Moderate-to-severe Endoscopic Inflammation is Frequent After Clinical Remission in Pediatric Ulcerative Colitis

Sarbagili-Shabat, Chen∗,†; Weiner, Dror; Wardi, Joram; Abramas, Lee; Yaakov, Michal; Levine, Arie∗,†

Author Information
Journal of Pediatric Gastroenterology and Nutrition: April 2021 - Volume 72 - Issue 4 - p 569-573
doi: 10.1097/MPG.0000000000003018

Abstract

What Is Known/What Is New

What Is Known

  • Paediatric ulcerative colitis is characterized by frequent or early relapses despite clinical remission and a tendency to become extensive.
  • Presence of moderate-to-severe inflammation (Mayo score 2–3) is associated with early relapse.
  • There are no prospective available data regarding the state of the mucosa after clinical remission is obtained in ulcerative colitis in children.

What Is New

  • Fifty percentage of children in clinical remission 3 to 5 months after remission was first documented and had moderate-to-severe inflammation upon endoscopy.
  • Those patients in remission with early assessment by Mayo score with Mayo endoscopic score 2 to 3 were less likely to have sustained remission than patients with Mayo scores of 0 to 1.

Ulcerative colitis (UC) in children is a chronic inflammatory disorder of the colon associated with a more severe phenotype and extensive disease as compared with adult onset (1–7).
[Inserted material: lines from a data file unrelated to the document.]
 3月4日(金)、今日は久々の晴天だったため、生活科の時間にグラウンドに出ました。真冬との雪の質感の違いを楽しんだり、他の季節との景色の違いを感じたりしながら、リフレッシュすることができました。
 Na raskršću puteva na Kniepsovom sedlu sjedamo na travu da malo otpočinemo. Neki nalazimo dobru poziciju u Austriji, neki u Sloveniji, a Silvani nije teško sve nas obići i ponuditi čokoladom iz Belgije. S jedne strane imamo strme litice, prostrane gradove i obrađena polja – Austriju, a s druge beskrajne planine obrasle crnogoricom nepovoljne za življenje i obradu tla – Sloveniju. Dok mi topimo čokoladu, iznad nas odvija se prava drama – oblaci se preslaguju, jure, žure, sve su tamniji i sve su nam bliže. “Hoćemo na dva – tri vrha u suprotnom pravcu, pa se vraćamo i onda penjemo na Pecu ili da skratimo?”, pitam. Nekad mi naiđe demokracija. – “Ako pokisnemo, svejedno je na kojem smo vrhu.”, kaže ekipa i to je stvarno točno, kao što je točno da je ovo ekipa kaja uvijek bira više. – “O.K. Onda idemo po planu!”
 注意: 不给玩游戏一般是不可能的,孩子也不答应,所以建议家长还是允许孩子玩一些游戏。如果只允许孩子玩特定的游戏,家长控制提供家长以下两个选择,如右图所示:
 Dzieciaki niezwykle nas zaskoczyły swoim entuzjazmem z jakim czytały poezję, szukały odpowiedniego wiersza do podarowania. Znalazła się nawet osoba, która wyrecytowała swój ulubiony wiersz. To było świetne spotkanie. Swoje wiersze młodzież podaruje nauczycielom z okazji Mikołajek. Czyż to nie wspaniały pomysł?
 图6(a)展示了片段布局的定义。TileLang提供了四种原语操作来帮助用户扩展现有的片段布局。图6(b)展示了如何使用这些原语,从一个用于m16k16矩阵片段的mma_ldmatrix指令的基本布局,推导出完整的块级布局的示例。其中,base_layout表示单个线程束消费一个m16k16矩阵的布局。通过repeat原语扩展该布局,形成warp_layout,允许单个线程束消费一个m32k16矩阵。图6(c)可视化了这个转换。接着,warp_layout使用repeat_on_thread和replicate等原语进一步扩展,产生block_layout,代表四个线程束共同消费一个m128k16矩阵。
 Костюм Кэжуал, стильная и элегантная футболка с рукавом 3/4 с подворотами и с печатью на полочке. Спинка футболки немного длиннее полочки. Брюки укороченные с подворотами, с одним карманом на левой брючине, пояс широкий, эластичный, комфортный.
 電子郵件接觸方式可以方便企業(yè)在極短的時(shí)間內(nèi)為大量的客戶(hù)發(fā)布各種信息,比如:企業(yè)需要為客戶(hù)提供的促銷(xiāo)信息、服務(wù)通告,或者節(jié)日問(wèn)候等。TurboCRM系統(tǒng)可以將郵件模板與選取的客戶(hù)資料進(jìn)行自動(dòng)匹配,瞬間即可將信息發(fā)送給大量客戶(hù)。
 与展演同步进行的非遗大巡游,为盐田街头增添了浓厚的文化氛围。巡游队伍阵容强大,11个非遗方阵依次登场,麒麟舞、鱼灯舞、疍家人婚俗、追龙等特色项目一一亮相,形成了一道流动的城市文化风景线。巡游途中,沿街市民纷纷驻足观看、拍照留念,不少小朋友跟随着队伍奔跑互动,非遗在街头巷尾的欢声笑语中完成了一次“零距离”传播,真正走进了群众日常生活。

Similar to adults, newly diagnosed pediatric patients with mild-to-moderate UC are usually treated with mesalamine, whereas moderate-to-severe disease patients will often be initially treated with corticosteroids (8–10). Children, however, appear to have a more relapsing course of the disease (9,11). In 2 large inception cohorts, sustained remission on the first-line therapy was only present in 38% by 1 year (9) and in 22% by 5 years (11). The PROTECT study, was a prospective inception cohort of children with newly diagnosed UC that followed 400 children treated by medical therapy. Among the children who achieved remission with the initial treatment at week 4, 49% eventually had disease recurrence during the first year and lack of sustained remission was high even in mild disease (9). A review of 5 population-based studies in children with UC demonstrated that nearly 50% of children without pancolitis will have disease extension (6), and that even children with proctitis do not have a benign course (7).

It is also recognized that patients who will achieve early mucosal healing are more likely to have better sustained remission and are less likely to develop possible complications of the disease (12–14). There are, however, no prospective data regarding early endoscopic response in children and adults as follow-up endoscopies after remission is induced are not currently part of the standard of care. Although studies have shown a fair correlation between clinical and endoscopic disease activity (15–18), this may be because of the correlation derived from clinically active disease or prolonged sustained remission and not because of clinical correlation after induction of remission.

One possible explanation for the high relapse rate and disease extension that characterize pediatric UC may be significant under treated mucosal inflammation, which is not addressed because of absence of symptoms after clinical remission is obtained.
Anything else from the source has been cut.